Please copy exactly the part of the records below that opens with the line containing "粵東8月的陽(yáng)光與" and closes with the line containing "ハードなファスナーのデザイン", leaving out any pictures.

**** RECORDS ****

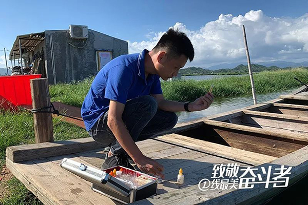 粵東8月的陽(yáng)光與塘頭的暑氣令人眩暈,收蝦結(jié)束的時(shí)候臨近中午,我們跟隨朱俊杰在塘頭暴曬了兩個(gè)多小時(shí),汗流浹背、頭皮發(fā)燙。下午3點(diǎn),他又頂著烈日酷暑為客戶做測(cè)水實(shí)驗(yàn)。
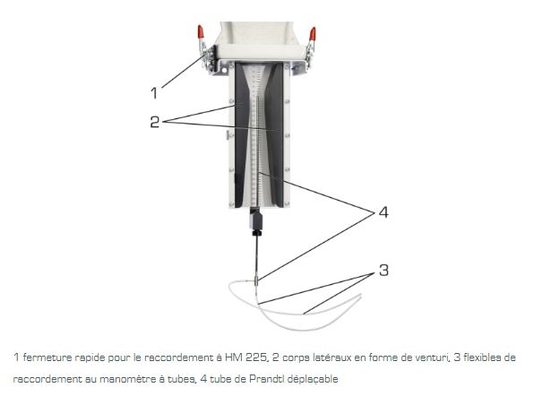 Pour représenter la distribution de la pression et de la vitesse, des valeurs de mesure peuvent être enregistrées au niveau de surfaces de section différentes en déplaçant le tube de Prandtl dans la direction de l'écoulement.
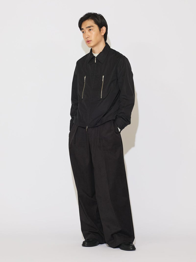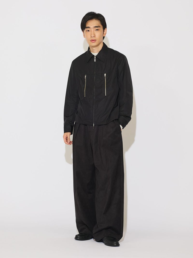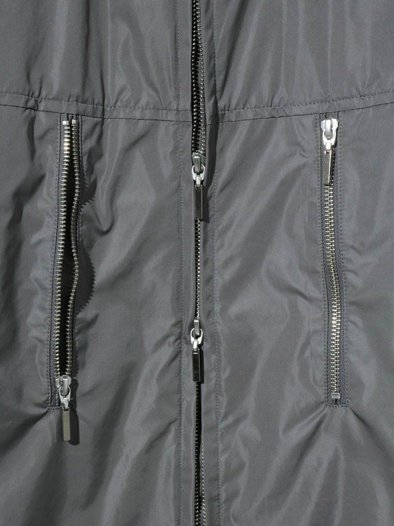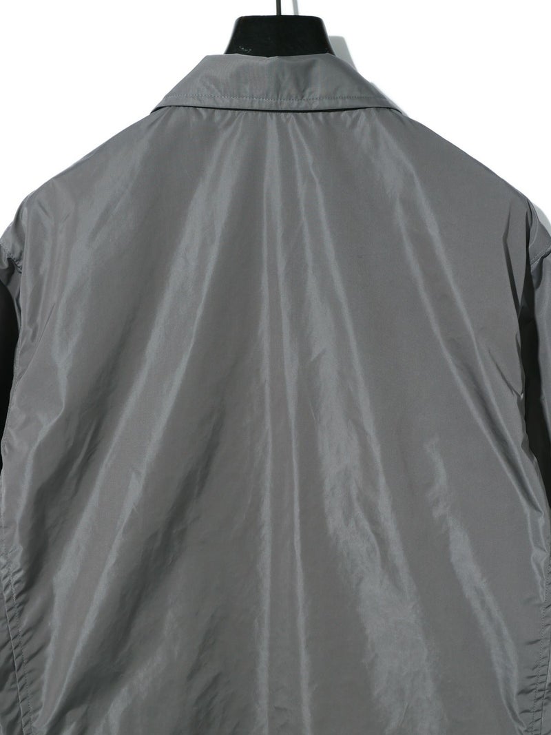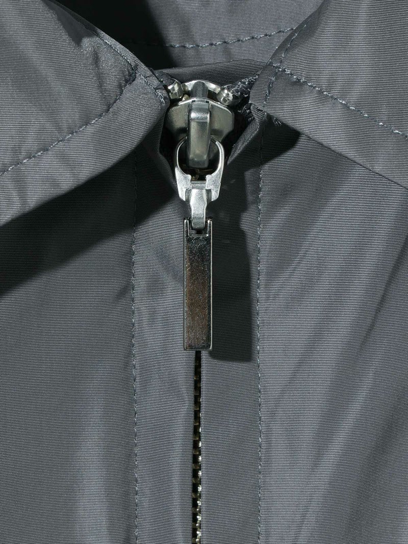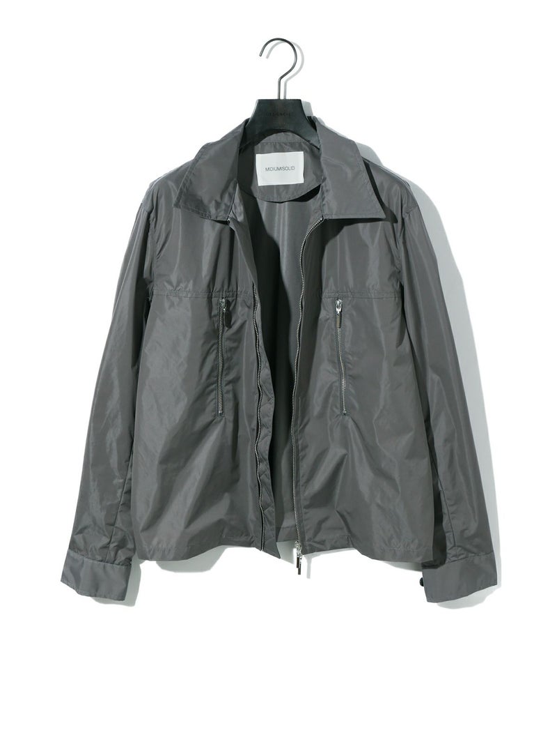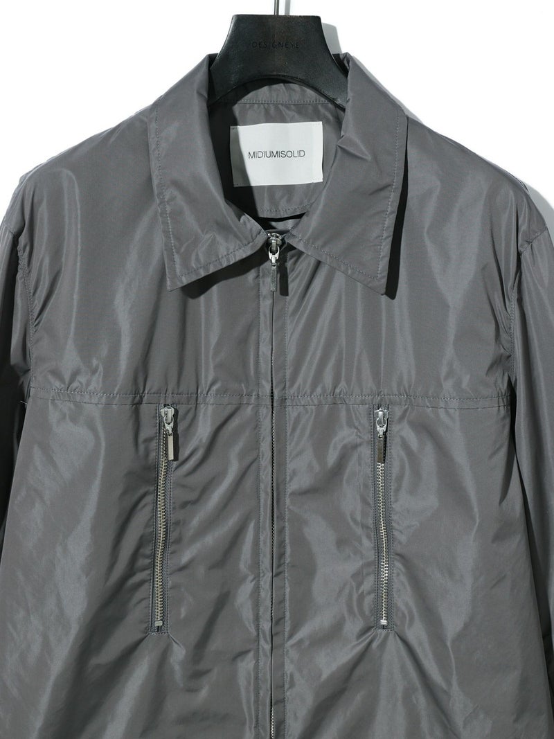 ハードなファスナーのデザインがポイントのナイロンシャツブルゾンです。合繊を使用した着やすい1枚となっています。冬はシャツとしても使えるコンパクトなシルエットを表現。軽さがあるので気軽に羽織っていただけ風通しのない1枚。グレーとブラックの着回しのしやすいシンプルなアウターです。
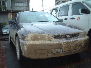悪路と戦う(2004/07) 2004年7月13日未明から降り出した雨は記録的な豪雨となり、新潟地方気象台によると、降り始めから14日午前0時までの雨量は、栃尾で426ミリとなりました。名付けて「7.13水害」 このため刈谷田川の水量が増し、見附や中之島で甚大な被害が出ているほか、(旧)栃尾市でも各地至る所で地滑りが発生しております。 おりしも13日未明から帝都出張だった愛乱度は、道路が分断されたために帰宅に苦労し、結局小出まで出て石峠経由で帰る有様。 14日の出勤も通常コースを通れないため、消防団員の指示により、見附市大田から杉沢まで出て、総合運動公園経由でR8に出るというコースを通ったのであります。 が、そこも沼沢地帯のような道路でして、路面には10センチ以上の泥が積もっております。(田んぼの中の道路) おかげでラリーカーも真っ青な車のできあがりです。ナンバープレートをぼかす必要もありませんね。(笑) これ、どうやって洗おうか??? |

****
**** RECORDS ****

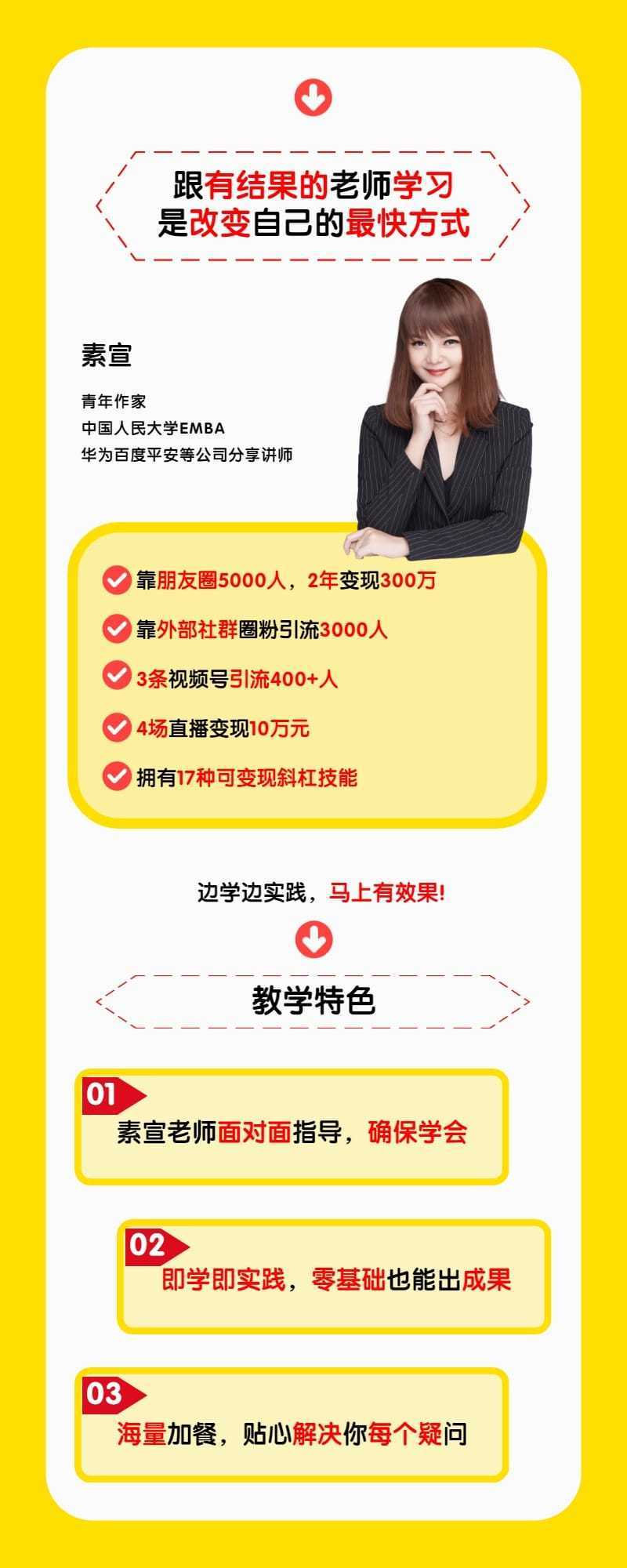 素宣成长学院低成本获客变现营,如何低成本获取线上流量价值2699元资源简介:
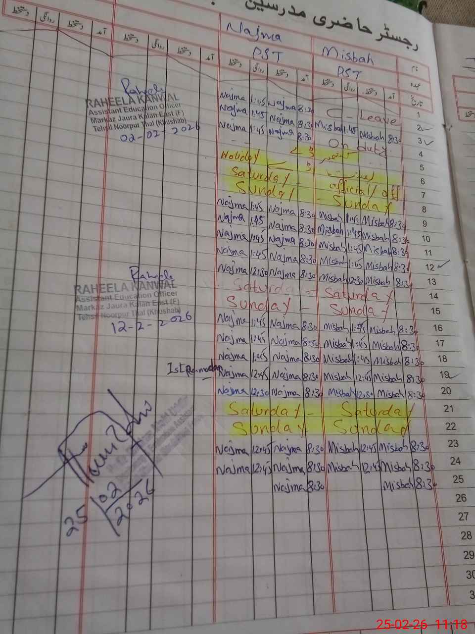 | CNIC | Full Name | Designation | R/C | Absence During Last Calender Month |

****

## ANSWER TO THE PROBLEM
 粵東8月的陽(yáng)光與塘頭的暑氣令人眩暈,收蝦結(jié)束的時(shí)候臨近中午,我們跟隨朱俊杰在塘頭暴曬了兩個(gè)多小時(shí),汗流浹背、頭皮發(fā)燙。下午3點(diǎn),他又頂著烈日酷暑為客戶做測(cè)水實(shí)驗(yàn)。
 Pour représenter la distribution de la pression et de la vitesse, des valeurs de mesure peuvent être enregistrées au niveau de surfaces de section différentes en déplaçant le tube de Prandtl dans la direction de l'écoulement.
 ハードなファスナーのデザインがポイントのナイロンシャツブルゾンです。合繊を使用した着やすい1枚となっています。冬はシャツとしても使えるコンパクトなシルエットを表現。軽さがあるので気軽に羽織っていただけ風通しのない1枚。グレーとブラックの着回しのしやすいシンプルなアウターです。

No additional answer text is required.